- Activity -
Locate the line that contains "The OOSC Snow". Retype it and every line after it to the end of the records, exactly, but not the pictures.

- Information supplied -
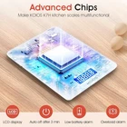 High Accuracy & Sensitive Sensors: Upgraded K7H digital food scale with built-in four sensitive load sensors can give you accurate weighing within a short time. Adopts anti-slip design, it improves safety and stability. Range of measurement: 0.1oz to 33lbs (3g to 15 kg). 1g or 0.1oz increments when adding ingredients. Included Battery & Type-C Charging: Powered by Type-C port and comed with 2 AAA batteries, you have more choice for charging. Press once to turn on, long press 3s to turn off. Kitchen scale turns off automatically if the displayed weight remains unchanged for 3 mins. 5 Weight Units & LCD Display: With the unit button, you can easily switch between different units: g, kg, lb:oz, fl'oz, ml to meet your different needs. Equipped with a large backlit LCD display with white fonts for easy reading. Tare Function & Smart Alarm: The Tare function subtracts the weight of the plate or container, easy to get accurate readouts of ingredients. Adopted advanced chip, food scale has low battery and overload indication to ensure the accuracy of measurement. Waterproof Tempered Glass & Easy to Store: Made of waterproof tempered glass, it can protect against food residue and water damage, makes wipe cleaning a breeze. 9.0 x 6.3 inch suitable size beats small cheap scales for it has enough platform for weighing various ingredients. Hidden hook design for easy storage.
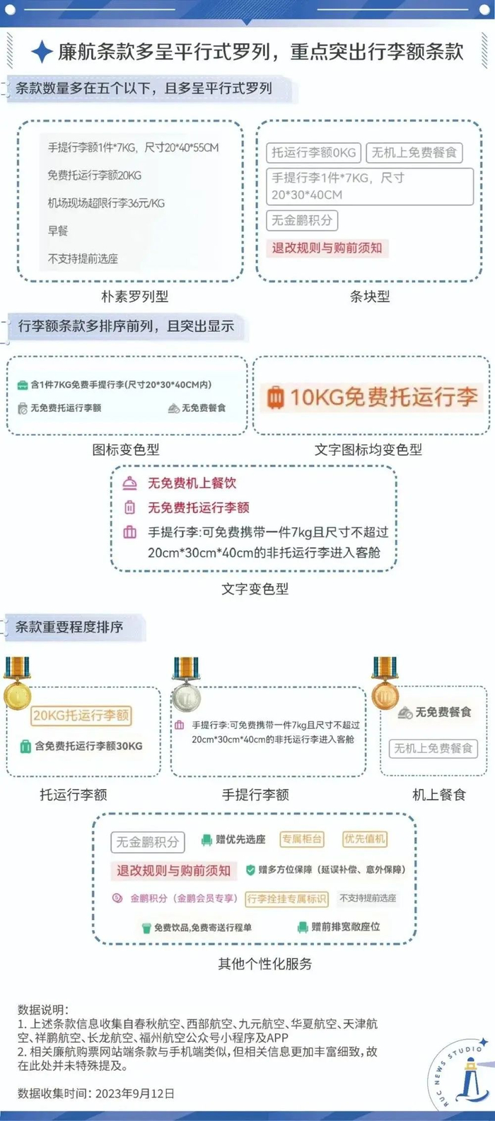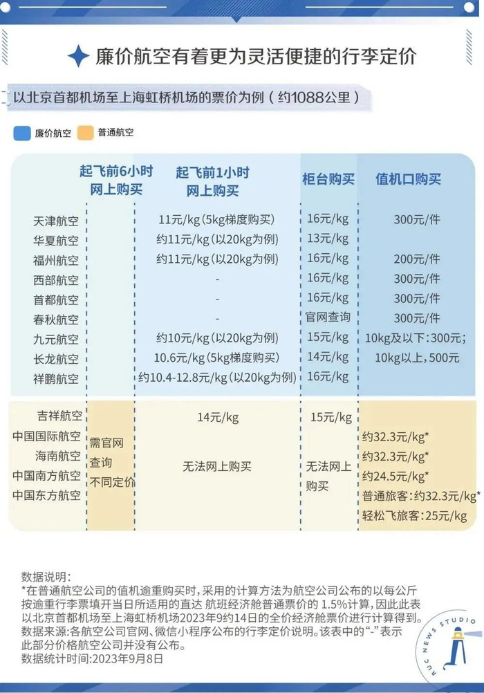 为了做好下一个长假的出行攻略,RUC新闻坊收集了10家廉价航空公司和4家普通航空公司的官网信息,比较分析廉价航空在票面价格、行李费用、退改规则和视觉方面的具体情况,希望能为仍在观望的朋友们提供一些帮助。
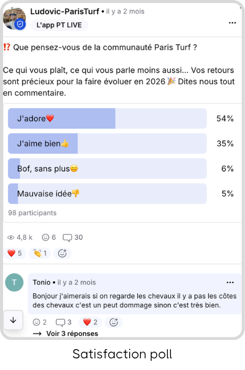 Four months after launch, Paris Turf Live ran a satisfaction poll directly inside the community — asking users, in context, whether they were satisfied with the feature. 89% said yes. Beyond the number, the poll opened a qualitative feedback loop: users shared what they loved, what they wanted next, and how the community fit into their race-day routine. For a product team, this kind of signal — captured in-app, at the moment of use, by the users most engaged with the product — is more actionable than any post-session survey.
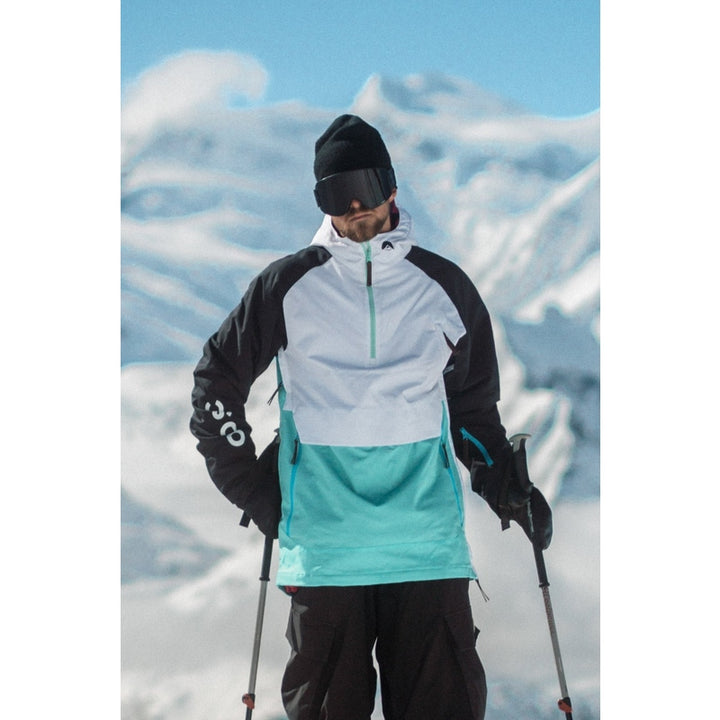 The OOSC Snow Park Overhead Snowboard Jacket is built from the finest recycled polyester in the world and has a 10,000mm waterproof rating and topped with a ZERO carbon durable water repellent to keep you dry, warm and comfortable whatever conditions you're riding in. It also has a removable powder skirt for the deep pow days!
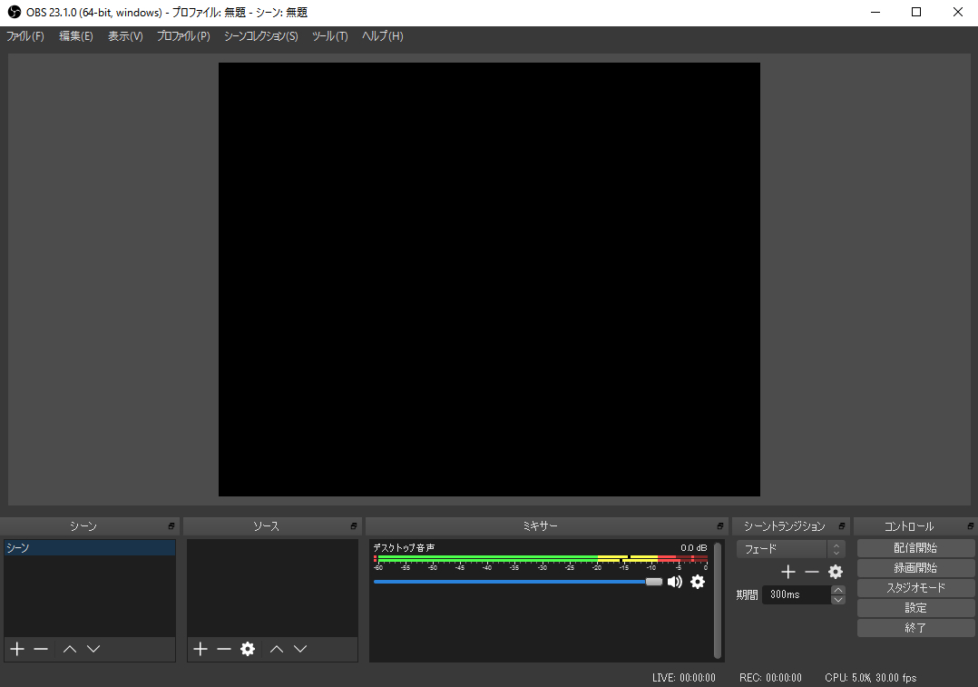 インストール完了です Finish をクリックします ※Launch OBS Studio 23.1 に チェックを付けておくと Finish をクリックした後に OBS Studio が起動します チェックを外すと Finish をクリックした後に OBS Studio が起動しません

- Answer box -
 The OOSC Snow Park Overhead Snowboard Jacket is built from the finest recycled polyester in the world and has a 10,000mm waterproof rating and topped with a ZERO carbon durable water repellent to keep you dry, warm and comfortable whatever conditions you're riding in. It also has a removable powder skirt for the deep pow days!
 インストール完了です Finish をクリックします ※Launch OBS Studio 23.1 に チェックを付けておくと Finish をクリックした後に OBS Studio が起動します チェックを外すと Finish をクリックした後に OBS Studio が起動しません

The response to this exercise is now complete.